Nessuna band come i Mad Season ha racchiuso in sé l’agghiacciante senso di sconfitta che gli anni ’90 della compagine grunge seattleiana si sono portati dietro, come fosse un fiume che ancora oggi porta sulle proprie acque placidamente i corpi senza vita di coloro che l’hanno resa celebre, amata e odiata al tempo stesso. Questo non solo poiché il gruppo è nato sotto il segno della tossicodipendenza in senso stretto, tra i corridoi di una clinica di disintossicazione in Minnesota, ma anche perché il suo battesimo è stato anche estrema unzione, con l’eroina a mietere le vite del bassista John “Baker” Saunders prima e la magica ugola di Layne Staley poco dopo.
Ma i Mad Season sono stati altro, altro ancora, perché basta ricordare solo la fine poiché si finisce per parlare sempre e solo di quella. È la vita di un progetto collaterale diventato in fretta e furia qualcosa di ben più grande delle band di provenienza di ¾ dei componenti che nel ’95, anno di uscita del primo e unico lascito “Above”, stavano già dimostrando di avere il fiato corto su dischi decisamente più deboli dei loro predecessori – salvo al 70% “Vitalogy” dei PJ.
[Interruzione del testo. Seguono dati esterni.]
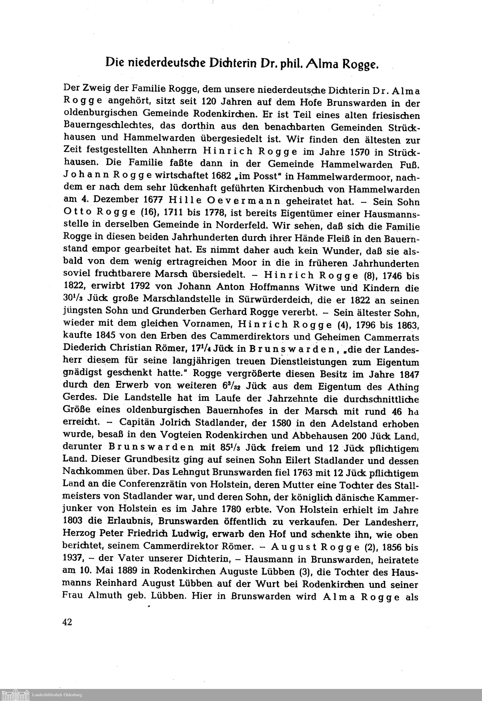 Die niederdeutsche Dichterin Dr. phil. Alma Rogge.

I Mad Season sono stati “Above”: un alieno atterrato da non si sa dove nella palude elettrica del grunge, tra le siepi riempite dalle telecamere di MTV e obliquo al divismo cobaiano e cornelliano – e pure vedderiano. Impossibile da inserire nel movimento lontano anni luce dagli altri side projects suoi cugini – first and above all i Temple Of The Dogs – e altrettanto impossibile da bollare in questo o quell’altro modo strambo, forse solo blues punto e a capo. Blues e sangue, sporco e devastato e voglioso di sobrietà ma mai così davvero lontano da essa. È invece alla lucidità espressiva che i quattro erano vicini, anzi, incollati piedi e mani.
Su questo album c’è tanto, tutto, di più. C’è un McCready al massimo delle sue potenzialità e da qua in avanti mai più così centrato – anche se “No Code”…- e pronto a tessere filamenti sporchi di lacrime e melodie nate e cresciute come radici blu(e); c’è un Barrett Martin pronto a fondersi con il basso anfetablues di Baker fino a far perdere la cognizione del tempo in una stanza che non smette di girare; c’è anche Skerik, sassofonista che il jazz lo ha preso e sfaldato a più riprese e che qui porta sapienza ed obliquità; e poi c’è Layne. C’è la sua voce, il suo afflato demonizzato e demonizzante, il suo corpo macilento e già ben oltre lo Stige che non impedisce alla sua voce di spiccare il volo sempre più alto, sempre più affranto, sempre più toccante, più e vero e marcio nella sua purezza ferina. Si dimena, si batte e scalcia e poi si accascia. Non ride, Layne, ma nemmeno piange, sanguina esangue e grida senza alzare la voce, unico della sua razza ad avere il divino nel cuore e il mostro nella mente.
Infine arriva Mark Lanegan (arriverà sempre, anche ora che materialmente non è più qui) e quando questi due si intrecciano nulla è più lo stesso di prima. L’asticella è più alta che mai e nessuno al mondo è più riuscito a superarla, nemmeno lo stesso mr. Screaming Trees. Le parole s’incrociano posandosi come neve lercia su di un paesaggio marcito dal cemento e avvelenato dagli uomini e, nonostante ciò, ne coglie tutte le sfumature immaginabili.
Come potrei spiegare a quelle creature tutt’altro che mitologiche – purtroppo – che sono i cosiddetti GenZ cos’è stato “Above” se pure io non faccio parte di quella “Generazione X” – nel ’95 avevo nove anni – che viene benedetta dallo stesso batterista della band nelle note di copertina dell’edizione deluxe del disco uscita nel 2013? Potrei, perché la mia di generazione – bruciata per tutt’altro tipo di motivo – è forse l’ultimo baluardo prima del baratro. O potrei anche non farlo e lasciarli vagare nel loro mondo di cliché e merda usa e getta, chi sono io d’altronde per salire in cattedra? In fondo “I don’t know anything”.
Potrei anche solo girarmi e guardare negli occhi chi lo ha capito e farmi rapire dalla nostalgia e dalla magia vomitata da questi dieci brani che non hanno ancora smesso di funzionare e semplicemente rimettere su quel pezzo di plastica tonda e chiudere qua la faccenda facendomi portare via dal ricordo di cose e persone andate. Penso che farò così.